What you need to do:
Copy exactly the lines from the one containing "atdarināma ar pogām." through the last line of the records below, including both, and leave out any pictures.

(Saved entries)
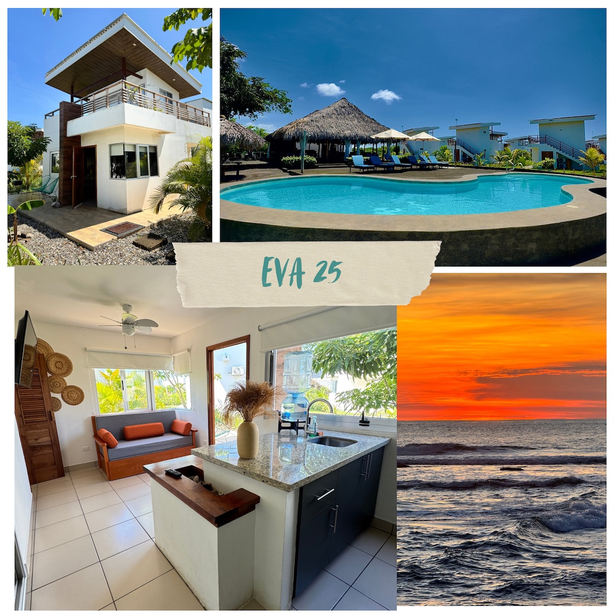 Venha passar as férias e saia com um novo senso de aventura. Explore o Gran Pacifica Resort em nossa propriedade à beira-mar em uma comunidade tranquila e fora da rede. Nossa casa (EVA Home #42) é uma casa ecológica de 2 quartos e 2 banheiros que não compromete o luxo moderno. Este pedaço de paraíso movido a energia solar fica a dois minutos a pé da famosa praia de Asuchillo e a um minuto a pé da piscina e do lounge da comunidade. Nossa casa está localizada a cerca de 1,6 km do restaurante principal. Transporte de aeroporto disponível
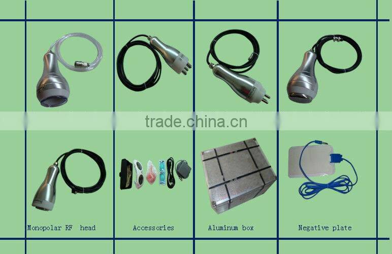 2.Five handles: Monopolar RF head 3) Tripolar RF head(big and small) 4) Ultrasonic cavitation head 5) Vacuum liposuction head
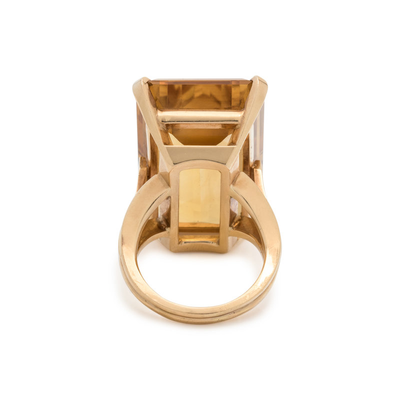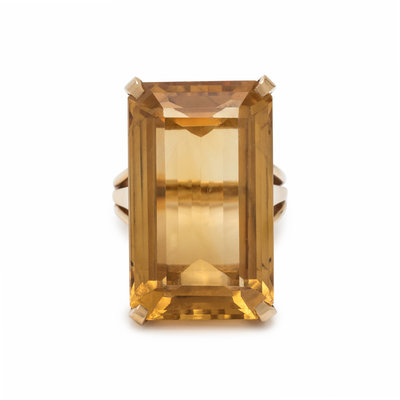 Containing one emerald cut citrine measuring approximately 31.00 x 18.50 x 11.60 mm. Mounted in rose gold. Ring size 7 1/2.
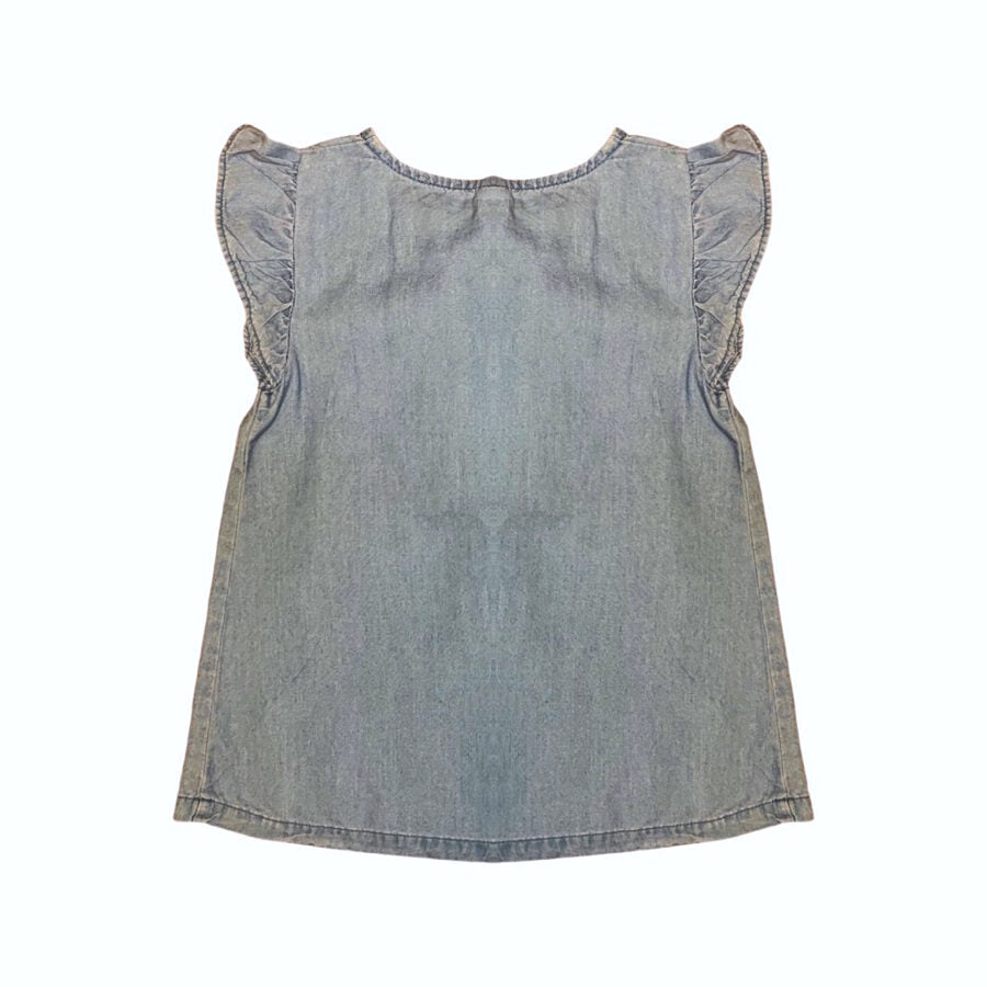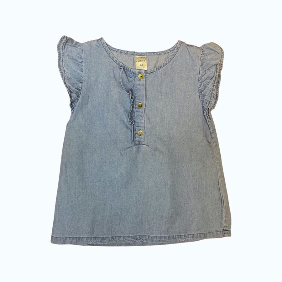 Apraksts: "Carters" firmas zils krekliņš ar volāniņu. Kakla daļa atdarināma ar pogām.
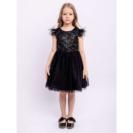 Нарядное платье с пышной юбкой из фатина. Гипюр на лифе, рукава из перьев. На спинке имеется поясок, чтобы дополнительно утянуть талию. Подкладка 100% хлопок. Маленькое черное платье для юной леди на любом торжестве будет смотреться уместно и элегантно.
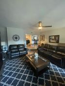 The kitchen is a chef's delight, equipped with modern appliances, ample cabinetry, and a convenient layout that makes meal preparation a breeze. Large windows throughout the home allow for an abundance of natural light, creating a warm and welcoming atmosphere.
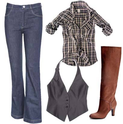 מגפי עור חומים (ניין ווסט, 899 שקל); וסט אפור צמוד (גולף, 189.90 שקל); ג’ינס כחול בגזרה גבוהה (אנה קיי, 620 שקל); חולצת משבצות בגוונים חומים (פול אנד בר, 129 שקל)
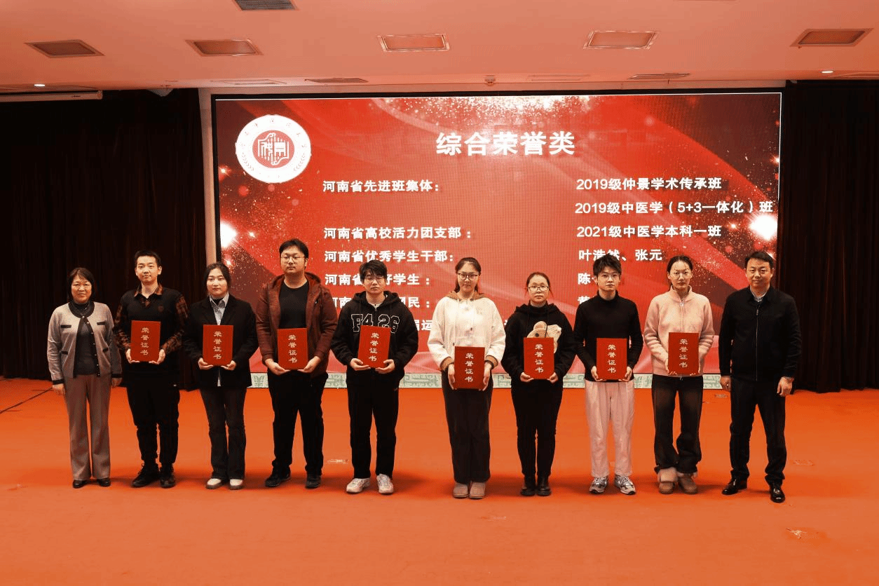 校党委委员、宣传部长张顺超,学工部部长、学生处处长李俊芝为获综合荣誉奖项的代表颁奖
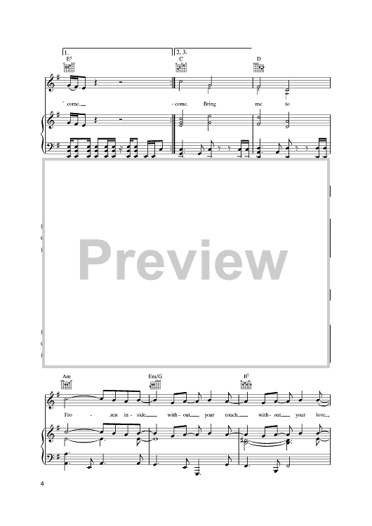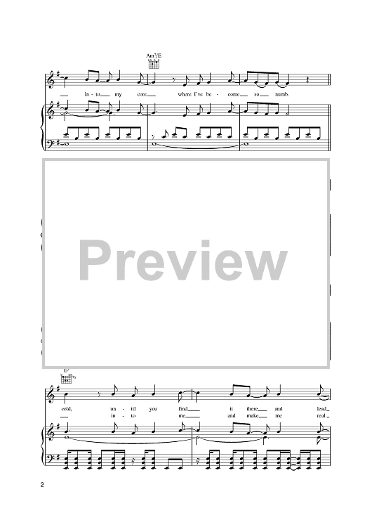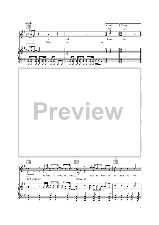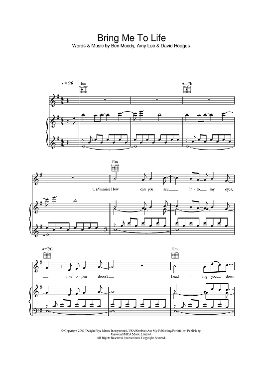 Digital Sheet Music for Bring Me To Life by Evanescence, Ben Moody, Amy Lee, David Hodges scored for Piano/Vocal/Chords; id:386598

Your solution:
 Apraksts: "Carters" firmas zils krekliņš ar volāniņu. Kakla daļa atdarināma ar pogām.
 Нарядное платье с пышной юбкой из фатина. Гипюр на лифе, рукава из перьев. На спинке имеется поясок, чтобы дополнительно утянуть талию. Подкладка 100% хлопок. Маленькое черное платье для юной леди на любом торжестве будет смотреться уместно и элегантно.
 The kitchen is a chef's delight, equipped with modern appliances, ample cabinetry, and a convenient layout that makes meal preparation a breeze. Large windows throughout the home allow for an abundance of natural light, creating a warm and welcoming atmosphere.
 מגפי עור חומים (ניין ווסט, 899 שקל); וסט אפור צמוד (גולף, 189.90 שקל); ג’ינס כחול בגזרה גבוהה (אנה קיי, 620 שקל); חולצת משבצות בגוונים חומים (פול אנד בר, 129 שקל)
 校党委委员、宣传部长张顺超,学工部部长、学生处处长李俊芝为获综合荣誉奖项的代表颁奖
 Digital Sheet Music for Bring Me To Life by Evanescence, Ben Moody, Amy Lee, David Hodges scored for Piano/Vocal/Chords; id:386598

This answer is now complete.